TASK OBJECTIVE: Take the listing below and write it out again exactly, skipping any picture that it holds.

***** RECORDS FOR THE EXERCISE *****

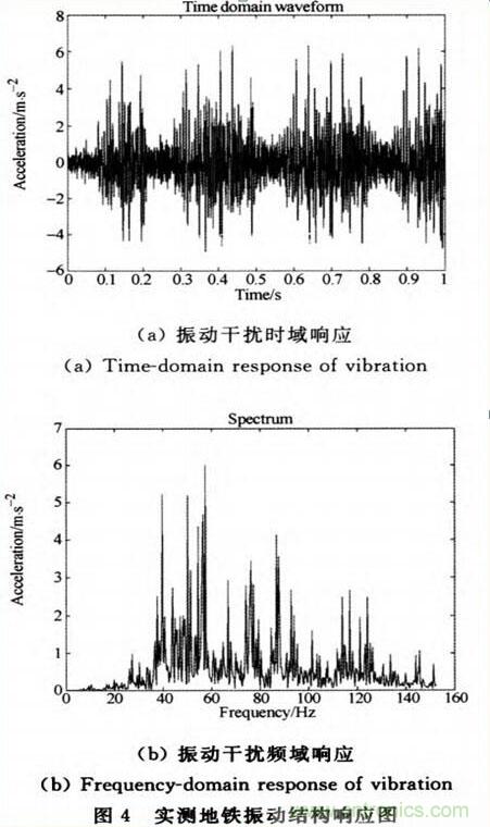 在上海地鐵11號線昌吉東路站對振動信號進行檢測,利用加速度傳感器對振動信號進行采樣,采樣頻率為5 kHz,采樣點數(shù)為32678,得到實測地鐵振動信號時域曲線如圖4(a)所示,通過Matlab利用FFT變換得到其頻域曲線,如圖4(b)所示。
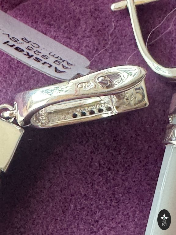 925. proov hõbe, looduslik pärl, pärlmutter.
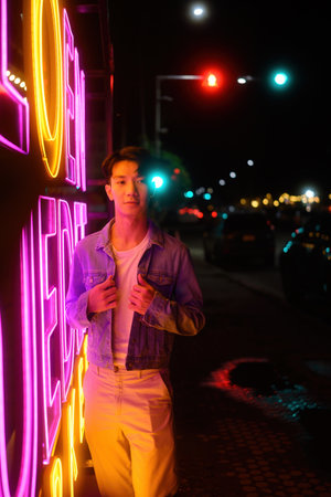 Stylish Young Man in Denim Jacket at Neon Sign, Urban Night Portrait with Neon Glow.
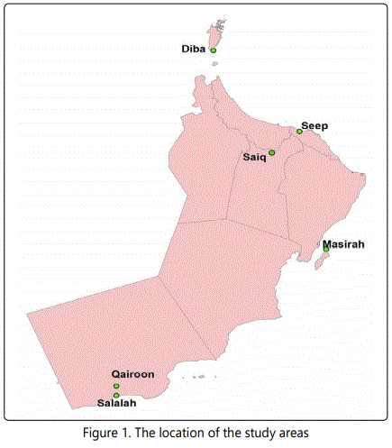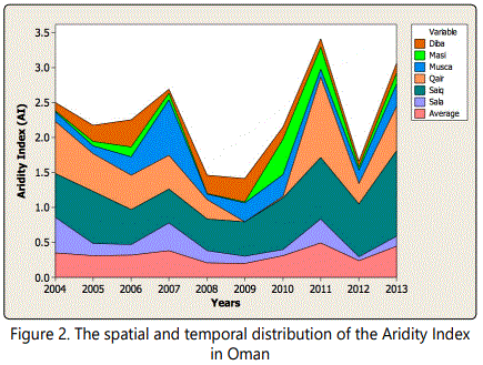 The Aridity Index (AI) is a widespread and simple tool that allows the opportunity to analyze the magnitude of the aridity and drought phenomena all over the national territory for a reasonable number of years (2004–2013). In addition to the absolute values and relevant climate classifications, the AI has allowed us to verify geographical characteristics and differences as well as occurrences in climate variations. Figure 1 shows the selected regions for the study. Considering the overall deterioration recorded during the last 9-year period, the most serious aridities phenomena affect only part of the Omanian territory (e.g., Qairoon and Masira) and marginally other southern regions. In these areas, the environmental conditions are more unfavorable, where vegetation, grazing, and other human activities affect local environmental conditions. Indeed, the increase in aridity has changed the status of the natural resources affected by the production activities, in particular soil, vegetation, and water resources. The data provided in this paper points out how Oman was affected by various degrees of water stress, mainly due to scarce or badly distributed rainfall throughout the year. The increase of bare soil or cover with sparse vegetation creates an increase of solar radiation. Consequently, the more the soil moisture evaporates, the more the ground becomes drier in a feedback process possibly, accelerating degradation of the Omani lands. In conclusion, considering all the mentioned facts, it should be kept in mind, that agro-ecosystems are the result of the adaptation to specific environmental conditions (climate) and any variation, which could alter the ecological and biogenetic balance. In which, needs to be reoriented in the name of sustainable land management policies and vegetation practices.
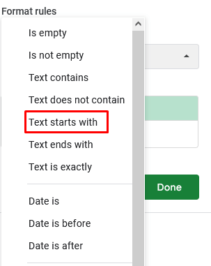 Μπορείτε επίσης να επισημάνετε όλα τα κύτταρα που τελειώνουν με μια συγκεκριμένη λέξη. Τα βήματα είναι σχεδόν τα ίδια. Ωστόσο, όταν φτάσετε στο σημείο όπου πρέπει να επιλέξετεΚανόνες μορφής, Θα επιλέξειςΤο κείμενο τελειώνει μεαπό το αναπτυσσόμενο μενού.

*****

RESULT OF THE EXERCISE:
 在上海地鐵11號線昌吉東路站對振動信號進行檢測,利用加速度傳感器對振動信號進行采樣,采樣頻率為5 kHz,采樣點數(shù)為32678,得到實測地鐵振動信號時域曲線如圖4(a)所示,通過Matlab利用FFT變換得到其頻域曲線,如圖4(b)所示。
 925. proov hõbe, looduslik pärl, pärlmutter.
 Stylish Young Man in Denim Jacket at Neon Sign, Urban Night Portrait with Neon Glow.
 The Aridity Index (AI) is a widespread and simple tool that allows the opportunity to analyze the magnitude of the aridity and drought phenomena all over the national territory for a reasonable number of years (2004–2013). In addition to the absolute values and relevant climate classifications, the AI has allowed us to verify geographical characteristics and differences as well as occurrences in climate variations. Figure 1 shows the selected regions for the study. Considering the overall deterioration recorded during the last 9-year period, the most serious aridities phenomena affect only part of the Omanian territory (e.g., Qairoon and Masira) and marginally other southern regions. In these areas, the environmental conditions are more unfavorable, where vegetation, grazing, and other human activities affect local environmental conditions. Indeed, the increase in aridity has changed the status of the natural resources affected by the production activities, in particular soil, vegetation, and water resources. The data provided in this paper points out how Oman was affected by various degrees of water stress, mainly due to scarce or badly distributed rainfall throughout the year. The increase of bare soil or cover with sparse vegetation creates an increase of solar radiation. Consequently, the more the soil moisture evaporates, the more the ground becomes drier in a feedback process possibly, accelerating degradation of the Omani lands. In conclusion, considering all the mentioned facts, it should be kept in mind, that agro-ecosystems are the result of the adaptation to specific environmental conditions (climate) and any variation, which could alter the ecological and biogenetic balance. In which, needs to be reoriented in the name of sustainable land management policies and vegetation practices.
 Μπορείτε επίσης να επισημάνετε όλα τα κύτταρα που τελειώνουν με μια συγκεκριμένη λέξη. Τα βήματα είναι σχεδόν τα ίδια. Ωστόσο, όταν φτάσετε στο σημείο όπου πρέπει να επιλέξετεΚανόνες μορφής, Θα επιλέξειςΤο κείμενο τελειώνει μεαπό το αναπτυσσόμενο μενού.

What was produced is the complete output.